Since it's been a strong week for Pro Medicus shareholders, let's have a look at trend of the longer term fundamentals.
Check out our latest analysis for Pro Medicus
While the efficient markets hypothesis continues to be taught by some, it has been proven that markets are over-reactive dynamic systems, and investors are not always rational. One way to examine how market sentiment has changed over time is to look at the interaction between a company's share price and its earnings per share (EPS).
During five years of share price growth, Pro Medicus achieved compound earnings per share (EPS) growth of 34% per year. This EPS growth is slower than the share price growth of 45% per year, over the same period. This suggests that market participants hold the company in higher regard, these days. That's not necessarily surprising considering the five-year track record of earnings growth. This favorable sentiment is reflected in its (fairly optimistic) P/E ratio of 161.79.
The graphic below depicts how EPS has changed over time (unveil the exact values by clicking on the image).
We consider it positive that insiders have made significant purchases in the last year.
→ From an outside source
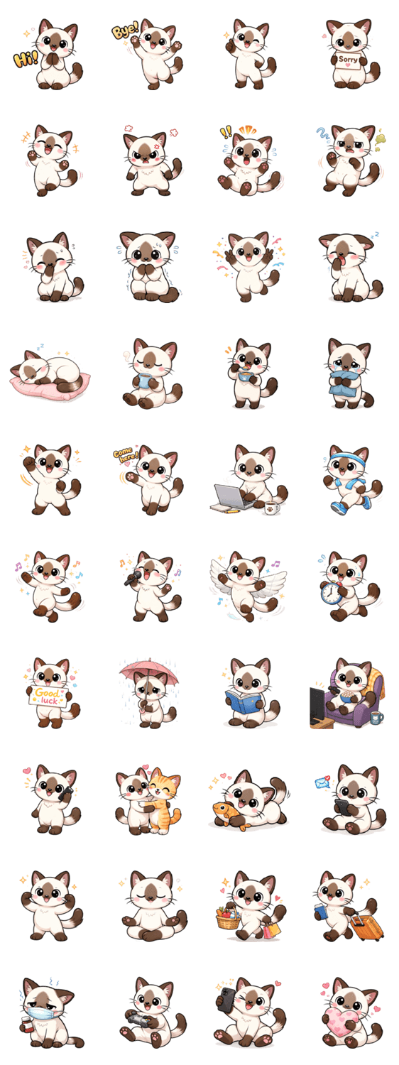 | スタンプ説明 | Adorable Siamese cat stickers featuring cute and expressive emotions for everyday chats. Perfect for greetings, thanks, apologies, and fun conversations. |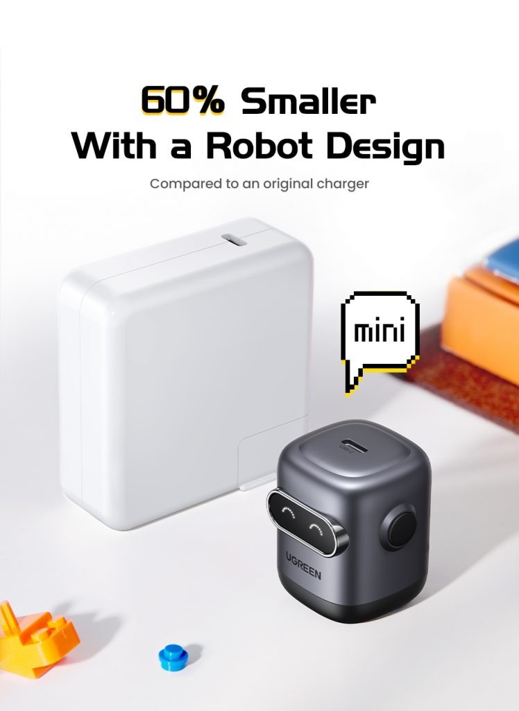 Sạc điện thoại 1 cổng USB-C GaN 30W màu đen xám tạo hình robot Ugreen 45004 X662

Even so, future earnings will be far more important to whether current shareholders make money. This free interactive report on Pro Medicus' earnings, revenue and cash flow is a great place to start, if you want to investigate the stock further.
What About Dividends?
It is important to consider the total shareholder return, as well as the share price return, for any given stock. Whereas the share price return only reflects the change in the share price, the TSR includes the value of dividends (assuming they were reinvested) and the benefit of any discounted capital raising or spin-off. Arguably, the TSR gives a more comprehensive picture of the return generated by a stock. We note that for Pro Medicus the TSR over the last 5 years was 549%, which is better than the share price return mentioned above. And there's no prize for guessing that the dividend payments largely explain the divergence!